The first part of the tale is an autobiographical story

The first part of the tale is an autobiographical story

The first part of the tale is an autobiographical story, one of the characters tells its own story that once it had a good clothes and comfortable living, and it is a alchemist with a master that is so in debt because of their failed attempts at alchemy. This character then tries to explain their failed attempts at alchemy by telling their elusive search for Philosopher’s Stone. The first part is a backround of the tale. However, The second part comprises the main story named ”The Canon’s Yeoman’s Tale”.
First of all, if I needed to give briefing, I would like to start with beginning of the story or tale. The story begins with two characters who named the Canon and the Yeoman joining the rest of the group on the road to Canterbury. Other characters in the group want these two to tell a story, and the Yeoman decides to tell the story, and then he tells different stories about how the Canon tricked the friar by giving the friar quicksilver saying it is real silver. When we look at what the tale tells, we can also say that Chaucer uses this tale to describe his criticism of alchemy.
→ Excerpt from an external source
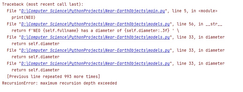 when it tries to determine the value of object.diameter it will run the diameter(self) function which then tries to determine the value of the self.diameter which again invokes the diameter(self) function, which tries to determine the value of self.diameter, etc etc until you reach recursion limit

Finally, the plot is that The Yeoman focuses on alchemy and people who are being tricked by it. His tale is making fun of canons and selling them out to be tricksters and thieves, while selling himself out along the way.
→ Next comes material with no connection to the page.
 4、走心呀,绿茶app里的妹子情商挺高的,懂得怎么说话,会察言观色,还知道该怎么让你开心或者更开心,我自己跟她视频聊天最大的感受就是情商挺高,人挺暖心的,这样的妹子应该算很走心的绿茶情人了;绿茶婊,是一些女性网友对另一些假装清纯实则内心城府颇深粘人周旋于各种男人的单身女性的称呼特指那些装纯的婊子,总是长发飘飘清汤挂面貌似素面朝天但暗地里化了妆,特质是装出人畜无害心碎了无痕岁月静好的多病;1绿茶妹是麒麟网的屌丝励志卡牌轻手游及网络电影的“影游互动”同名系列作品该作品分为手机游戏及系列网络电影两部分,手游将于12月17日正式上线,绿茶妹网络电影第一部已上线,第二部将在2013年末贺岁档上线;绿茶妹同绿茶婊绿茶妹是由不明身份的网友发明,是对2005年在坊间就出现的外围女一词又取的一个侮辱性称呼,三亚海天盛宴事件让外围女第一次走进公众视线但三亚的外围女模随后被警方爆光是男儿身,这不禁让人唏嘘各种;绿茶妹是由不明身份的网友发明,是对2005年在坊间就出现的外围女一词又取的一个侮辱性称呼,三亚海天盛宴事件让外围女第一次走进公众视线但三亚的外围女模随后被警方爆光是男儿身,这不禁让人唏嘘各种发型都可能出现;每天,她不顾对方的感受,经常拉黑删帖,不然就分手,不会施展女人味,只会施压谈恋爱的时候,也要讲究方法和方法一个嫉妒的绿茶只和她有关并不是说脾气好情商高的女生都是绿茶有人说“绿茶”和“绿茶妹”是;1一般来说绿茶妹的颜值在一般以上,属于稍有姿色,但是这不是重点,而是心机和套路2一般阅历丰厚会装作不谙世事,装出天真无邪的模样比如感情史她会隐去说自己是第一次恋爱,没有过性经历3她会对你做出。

Surely, there is some elements that is mentioned in the story, with these elements, the narrator may try to tell the difference between true and false. Alchemy is the subject of the Canon Yeoman’s tale, as the Canon calls it, the “sliding” scienc, and alchemy argues that all things are in a state of ever-changing, slipping from one thing to another. Coals can become the philosopher’s stone, metal melts to become a false covering for a crucifix, and thanks to the trickery of the tale’s false Canon, we are never quite sure what substance it is we are examining.
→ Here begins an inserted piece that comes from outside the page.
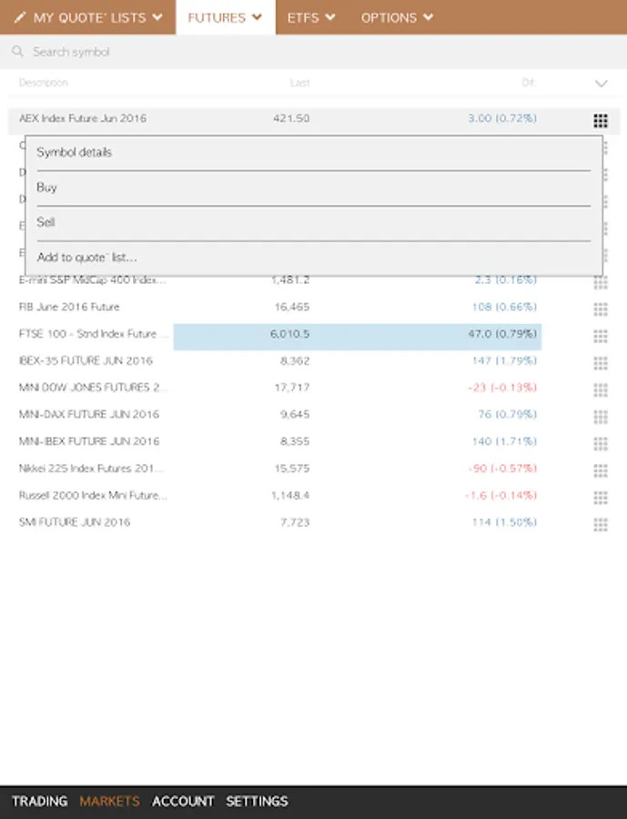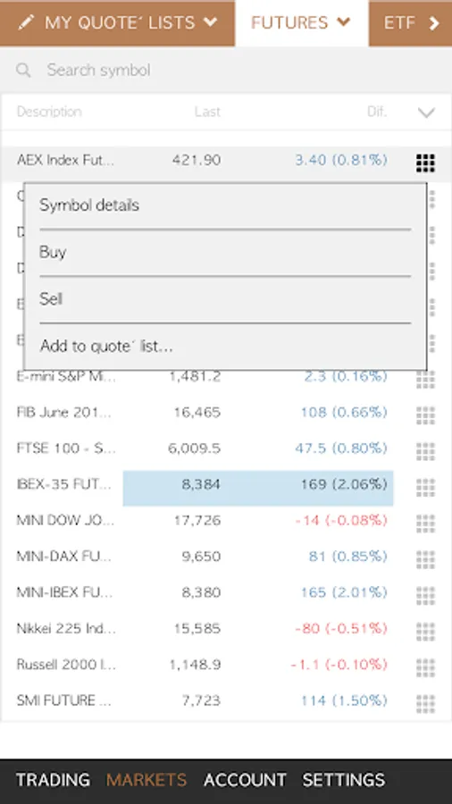 - Creation of the quotes´ lists of your favorite assets for its quick access.

When we look at the analysis of the Characters, the Yeoman, the narrator, Chaucer’s Yeoman begins his literary life as the Canon’s supporter without knowing what is right or what is wrong. He was praising the Canon as an extraordinary, wonderful, skilled man, before immediately retracting all that praise to unmask his master as the tricky charlatan he is. Yet this casts huge doubt on the truth of what the Yeoman actually utters. There is a big difference between his initial claim that the Canon could pave the way to Canterbury with gold, and the portrait of the Canon built up in his tale. Moreover, the sweating arrival of the pair combined and covered with the all black or grey Canon and blushing green or red Yeoman suggests that even the characters within the frame narrative of the Tales are undergoing some sort of alchemical transformation.
As for the Canon, he is a mysterious, effective and environmental figure, and one who is at the very moment his falsehood appears to be flied into a temper, runs away from the company, and from the Tales – for good. He is almost silent, and yet his silence is not from shyness, or from high-status, he even physically appears shrouded and covered up. Moreover, we never actually ascertain whether the Yeoman’s tale is about this Canon, or – as he claims – about another Canon. It seems hugely unexpected person, even to take the Yeoman’s words at face value that the Yeoman would have this amount of knowledge about an entirely different Canon. The Canon then is a liminal figure, sitting somewhere on the border between reality and fiction, between true and false.
Finally, As I mentioned before, Chaucer satires quietly the church in this tale but he does not excess so much, so he tries to hide the seriousness of the tale by having the Yeoman tell it. He chooses the Yeoman to be the narrator so the Church will hopefully laugh at the Yeoman’s story before it begins to take offense by it, and the Church does not take offensive at. This tale expresses a keen sense of its teller and his position, and the Yeoman’s position is disturbingly uncertain. There are two important points we have to focus on. The first is the direct assertion that the second Canon has betrayed many innocent and gullible people. The Yeoman’s Tale shows us precisely how the false Canon accomplishes that betrayal through deceit. The second point concerns the fact that the Yeoman has had his suspense moves, actually he does not know what it is false or true. It is important to note here that the Yeoman attributes the loss of his suspense to the cause of heating metals and not at all to the trickery or doubleness of Canon.